That means is that our outer loop should be over the columns, and our inner loop over the rows. Otherwise we would end up hopping all around the memory, which takes extra time, and explains why loopingA takes longer.

The opposite situation is true for the C programming language, which stores its 2-dimensional arrays in row-major order. You can type:

make testC

To run some equivalent C code examples.

Not Doing the Same Thing Twice (or more!)

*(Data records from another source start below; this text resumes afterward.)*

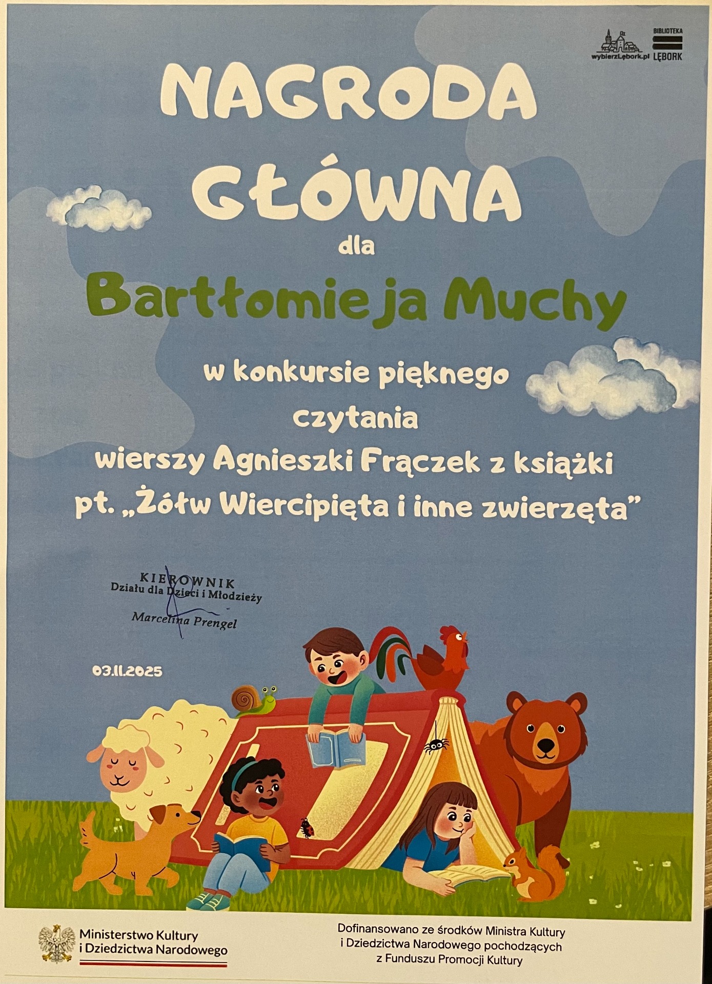 Uczniowie klasy 2b wzięli udział w Konkursie pięknego czytania wierszy Agnieszki Frączek organizowanym przez Bibliotekę Miejską w Lęborku. Sześcioro uczniów z klasy 2b znalazło się w gronie nagrodzonych. Oto oni:
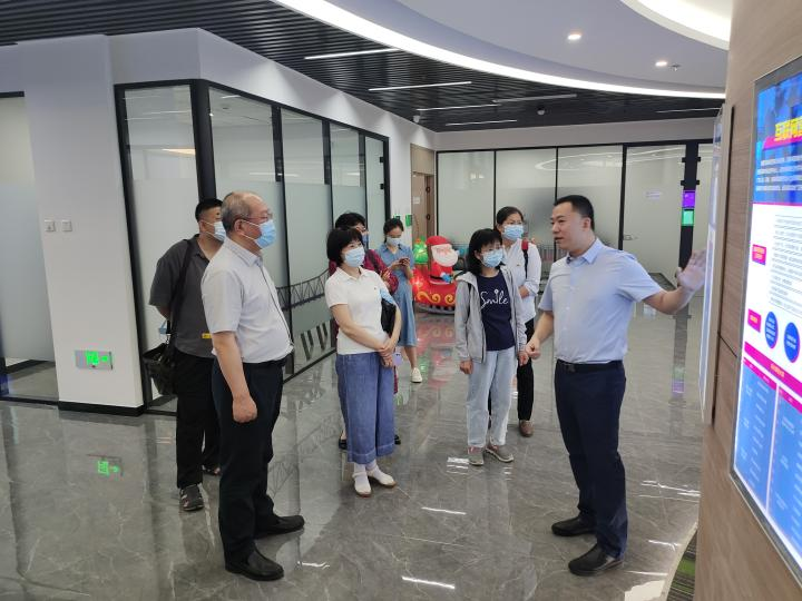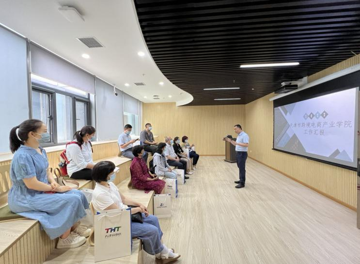 活動首站,全體人員深入學??缇畴娚坍a業園,實地了解學校推動綜合改革、特色學院建設,助力產業發展,實現人才培養與經濟社會發展無縫對接的舉措與效果。在參觀園區展示廳、實訓教室、產品展覽室、營銷直播間等場景后,跨境電商學院院長平凡介紹了產業園建設、促進大學生就業創業等方面工作。
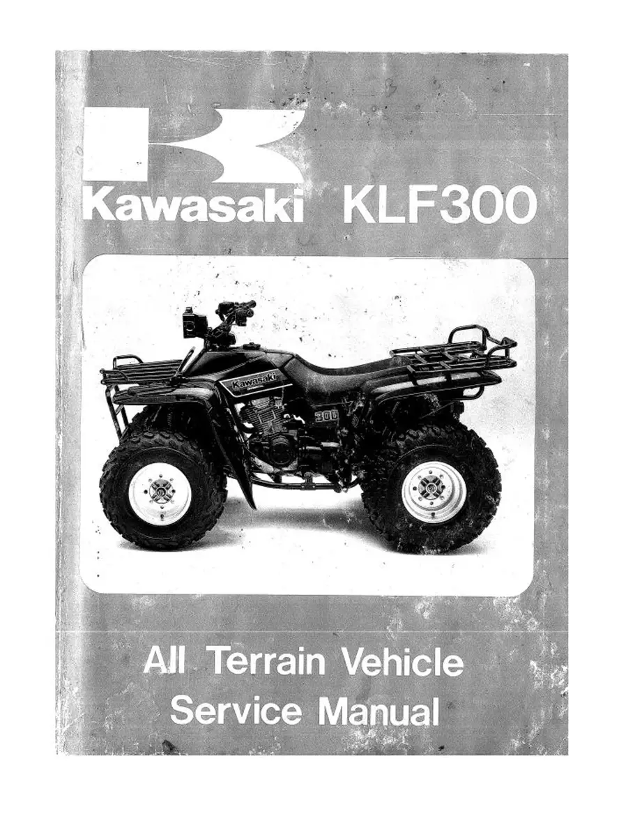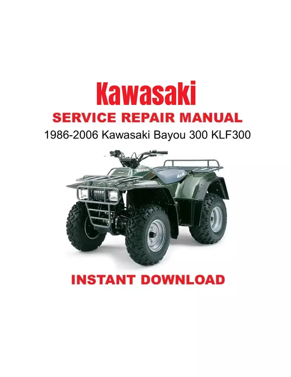 This manual includes model years 1986-2006 for the Kawasaki Bayou 300 KLF300 ATV including the 4X4 models. This service manual is the most up to date version and 2 supplemental manuals are included to cover all years and models from 1986-2006 (See Photos). This manual would be used by a technician at a shop.

The following is the Manning formula drawn from the field of hydrology:

[math]\displaystyle{ V = \frac{1}{n} R_h ^\frac{2}{3} \cdot S^\frac{1}{2} }[/math]

where:

[math]\displaystyle{ V }[/math] is the cross-sectional average velocity (m/s)
[math]\displaystyle{ n }[/math] is the Gauckler–Manning coefficient (independent of units)
[math]\displaystyle{ R_h }[/math] is the hydraulic radius (m)
[math]\displaystyle{ S }[/math] is the slope of the water surface or the linear hydraulic head loss (m/m) ([math]\displaystyle{ S=h_f/L }[/math])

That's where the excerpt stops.